Nous avons poursuivi notre route dans le sentier spongieux. Le kokéshi 100 me suivait, avançant d’un bond de 100 centimètres toutes les 100 secondes. Trente-trois ou trente-quatre bonds plus loin, nous avons croisé un plus petit kokéshi qui bondissait en sens inverse sur le sentier. Derrière moi, le kokéshi 100 s’est vivement retiré d’un bond sur le bord du sentier.
— Bonjour kokéshi 100, a salué le petit kokéshi.
— Bonjour kokéshi 37, a répondu le kokéshi 100.
— Vous avez un animal domestique ?
— Non, non, c’est un bibond, qui se déplace sur deux troncs, qui peut reculer, et qui ne laisse pas la moindre trace de bond dans les sentiers !
— Oh ! Mais ça ne s’est jamais vu dans la Grande Kokéshie, un être si faible et si léger qu’il ne laisse aucune trace de bond dans les sentiers.
Le kokéshi 37 s’est alors écarté devant moi pour me laisser passer. Il l’a fait avec une très petite inclinaison vers l’avant, à peine perceptible.
— Je vous en prie, les plus faibles d’abord, a dit le kokéshi 37.
Par réflexe de prudence, je me suis profondément incliné devant ce petit kokéshi pour lui rendre sa politesse, ce qui me semblait une attitude fort raisonnable à adopter dans un monde où régnait la Loi du plus faible.
— Ooooh ! s’est exclamé le kokéshi 100, quelle souplesse, et quelle audace !
— Attention, a ajouté le kokéshi 37. Vous pourriez tomber et finir vos jours à l’horizontale sur le sentier !
Amusé par cette dernière remarque, je lui ai demandé de m’expliquer.
— Les kokéshis respectent l’étiquette et font la courbette, mais jamais au point de basculer, a dit le kokéshi 37.
— Comme dit le dicton, « un kokéshi trop poli est un kokéshi pourri », a renchéri le kokéshi 100.
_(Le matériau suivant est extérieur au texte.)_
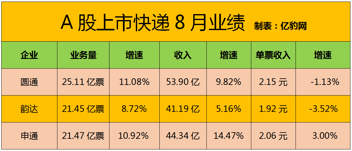9月18日晚间,两通一达发布的8月经营业绩显示,受产粮区涨价影响,单票收入环比明显提升。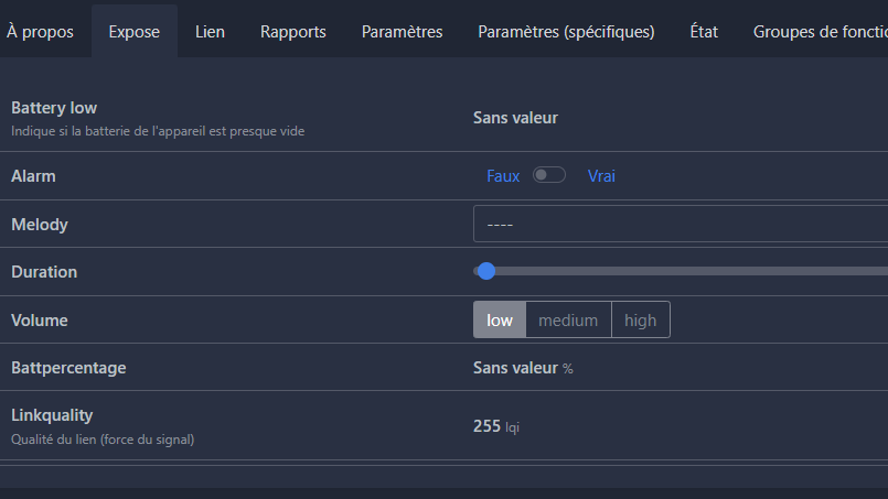 Hors voila, la clé skyconnect a bien reconnu la sirène sous ZHA mais il n’y a qu’un commutateur on off. Impossible de changer de sonnerie ou de régler le volume.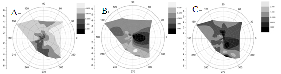 圖6 EHM-X200大氣重金屬監(jiān)測儀監(jiān)測數(shù)據(jù)PM2.5中元素主成分分析得到的各組分與風(fēng)向關(guān)系圖。圖A是組分1(工業(yè)、生活燃料燃燒)的濃度與風(fēng)向關(guān)系圖,從圖中可以看出組分1主要來源于監(jiān)測點(diǎn)位的西南方向(深色區(qū)域);圖B是組分2(冶金工業(yè)廢氣)的濃度與風(fēng)向關(guān)系圖,從圖中可以看出組分2來源于監(jiān)測點(diǎn)自身范圍內(nèi)(深色區(qū)域);圖C是組分3(揚(yáng)塵)的濃度與風(fēng)向關(guān)系圖,從圖中可以看出組分3主要來源于監(jiān)測點(diǎn)位的東方及北方(深色區(qū)域)。圖中顏色深淺由淺到深代表污染的程度由小到大。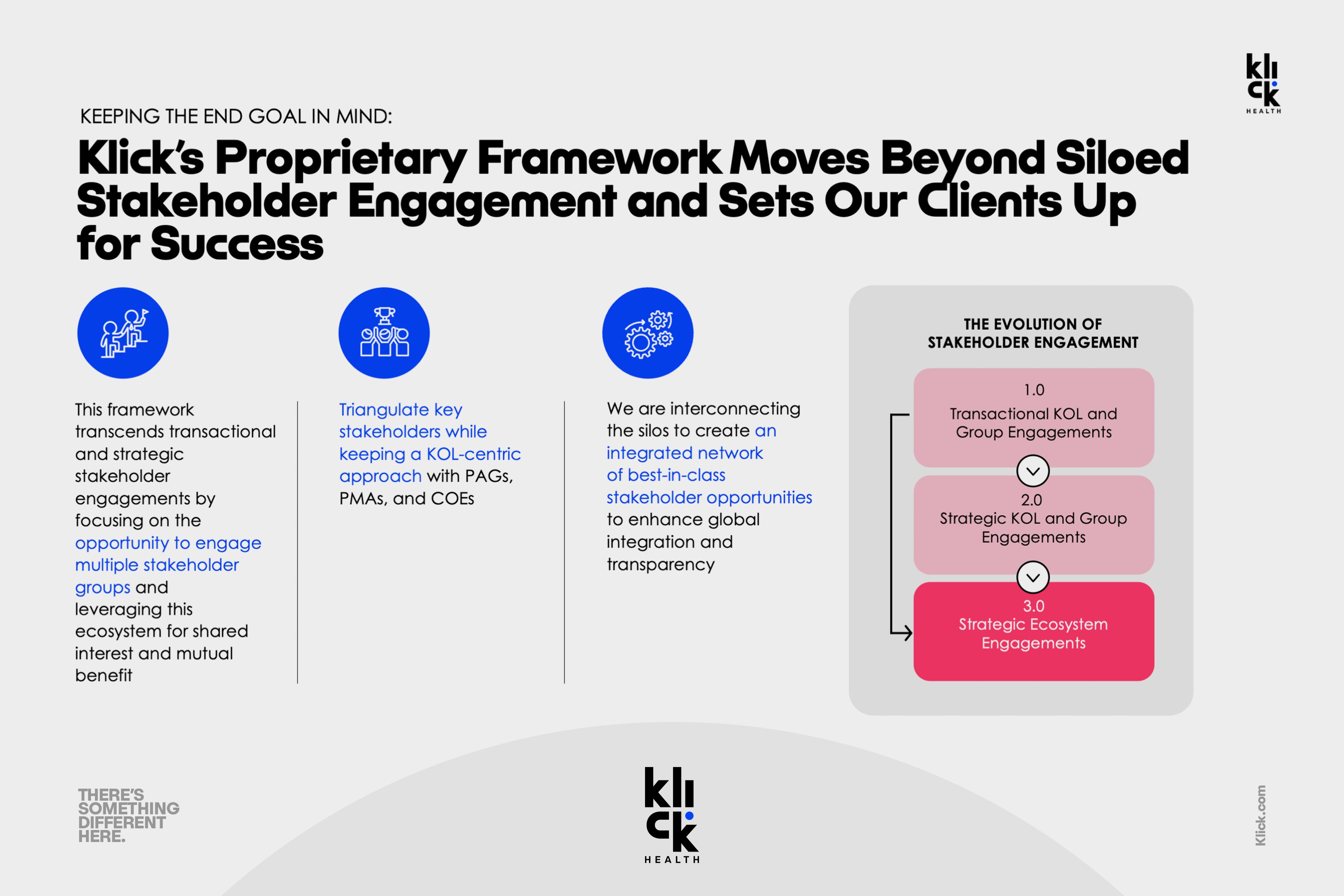 The new era of KOL engagement requires substantial changes, but medical affairs teams that rise to the challenge will help shape the future of healthcare. The Klick roundtable highlighted the industry's readiness to take on this task. By sharing insights and collaborating on solutions, medical affairs leaders can set a bold new direction for KOL engagement, leveraging AI and the broader ecosystem to create transformative impact. As the healthcare landscape continues to evolve, the importance of KOLs and medical affairs teams has never been greater. With strategic vision, collaboration, and a steadfast commitment to patients, they have the potential to shape the future of healthcare.

— En faisant trop la courbette, non seulement le kokéshi tombe-t-il dans le ridicule, mais il risque aussi de basculer sur le sentier. Incapable de prendre racine, il y meurt lentement et finit ses jours sous forme de vieille souche pourrie, a expliqué le kokéshi 37.
— Pour un kokéshi, c’est là la plus ignoble des morts : ne pas finir ses jours sous la forme d’un grand bambou dans la forêt, a conclu le kokéshi 100.
— Je vois, ai-je répondu le dos bien droit. Je vais faire attention !
— Allons-y ! s’est exclamé le kokéshi 100, qui commençait à donner des signes d’impatience aux abords du sentier.
— Pardon, lui ai-je répondu. Puis, m’adressant au kokéshi 37 : Désirez-vous vous joindre à nous ?
— Où allez-vous ?
— Là d’où vous venez…
— Alors allons-y.
J’ai repris ma marche dans le sentier spongieux, suivi du kokéshi 37 qui bondissait derrière moi de 37 cm toutes les 37 secondes, tandis que le kokéshi 100 fermait la marche, ne s’étant élancé derrière nous que 111 secondes après le kokéshi 37, pour lui laisser prendre une avance de trois bonds, ou 111 cm. Le kokéshi 100 s’était alors élancé, pour se retrouver 11 cm derrière le kokéshi 37. À peu près 37 secondes plus tard, le kokéshi 37 s’est élancé pour le premier de trois nouveaux petits bonds, aussitôt suivis d’un grand bond du kokéshi 100, qui se retrouva 22 cm derrière le kokéshi 37. La distance se creusait ainsi graduellement entre les deux kokéshis, mais le kokéshi 100 profitait parfois, pour nous rattraper, des pauses que nous faisions ici et là pour admirer le paysage de bambous.
Pour ma part, comme je pouvais me déplacer librement en tous sens, je n’avais aucun mal à adapter mon rythme à celui des deux kokéshis derrière moi. Par contre, devant, je devais prendre garde à tous ces trous dans le sentier. Les plus grands m’obligeaient d’ailleurs à bondir en zigzaguant pour éviter d’y tomber.